= Video magazine =

Video magazines are a series of videos that follow the print magazine format in which the reader/viewer consumes an issue on a periodic basis. Video magazines differ from traditional online magazine or ezine because they are delivered in a video format and are consumed through viewing online or via home video rather than reading online material.

==History==
The concept of the video magazine began in the 1980s with low-budget titles such as Flipside Video Fanzine, an adjoining video supplement to the punk fanzine Flipside. By the beginning of the 1990s, the concept had fully cohered and a number of titles were produced by major media organizations in both the United States and Britain. Notable productions were Slammin' Rap Video Magazine published by BMG in 1990, and the video game-orientated Click Video Magazine, produced and released in 1991.

A number of print magazines have mirrored their content on digital video platforms in recent years, and have produced online-only video content in addition to this. One example is WIRED's Autocomplete Interviews.

==Different formats==
===Pure video magazines===
These magazines exist purely in video format and only online, without a print counterpart to support it.

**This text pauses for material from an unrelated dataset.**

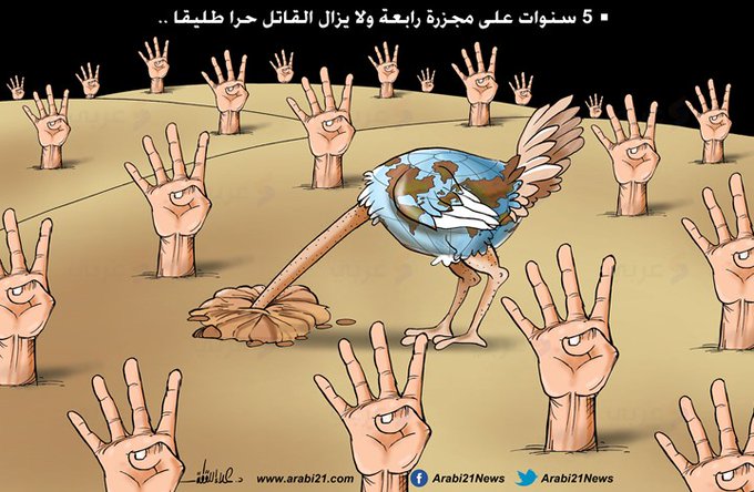 وكتب حساب "ميدل إيست مونيتر" ضمن سلسلة التغريدات تغريدة استنكر فيها دعم المجتمع الدولي لقتلة المعتصمين السلميين في رابعة وقال "في هذا اليوم، تم ذبح مائة شخص في مذبحة وحشية ارتكبها الجيش المصري، مع إطلاق النار على الناس وإحراقهم أحياء.. على الرغم من ذلك استأنف المجتمع الدولي تصدير الأسلحة إلى مصر بعد فترة وجيزة من مجزرة".

The first magazine to launch in this format was "The I Love Comedy Video Magazine" created by Jack Bensinger, which is currently published through YouTube, launching in July 2016. This was followed with the launch of music lifestyle magazine EWE Zine, in March 2017.

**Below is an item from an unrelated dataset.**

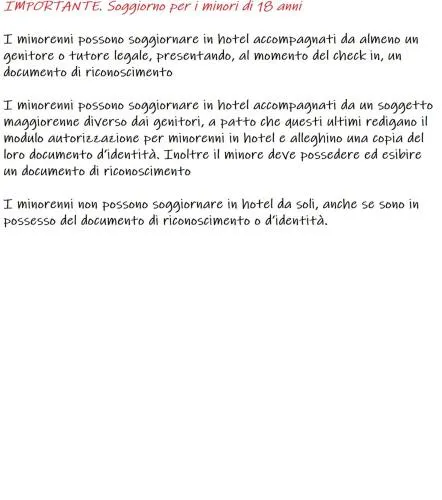 | Bambini con letti supplementari | Sono ammessi bambini di tutte le età. I bambini fino a 17 anni inclusi possono soggiornare al costo di € 10 a persona a notte in uno dei letti già presenti. Non hai aggiunto culle. Non hai aggiunto letti supplementari. I supplementi non sono inclusi nell’importo totale e devono essere pagati separatamente durante il soggiorno. |

===Augmented reality video magazines===
Augmented reality video magazines have a print counterpart to support it. Using apps such as layar and that blends the offline with the online. The first example of this was GUAP magazine which started life a crowd funding project. The magazines uses an app called Layar to make their content interactive, linking to video content elsewhere.

The Exposed is similar to GUAP but instead of using a third-party app to link to its video content, The Exposed has its own native app under the same name. This app blends the offline with the online.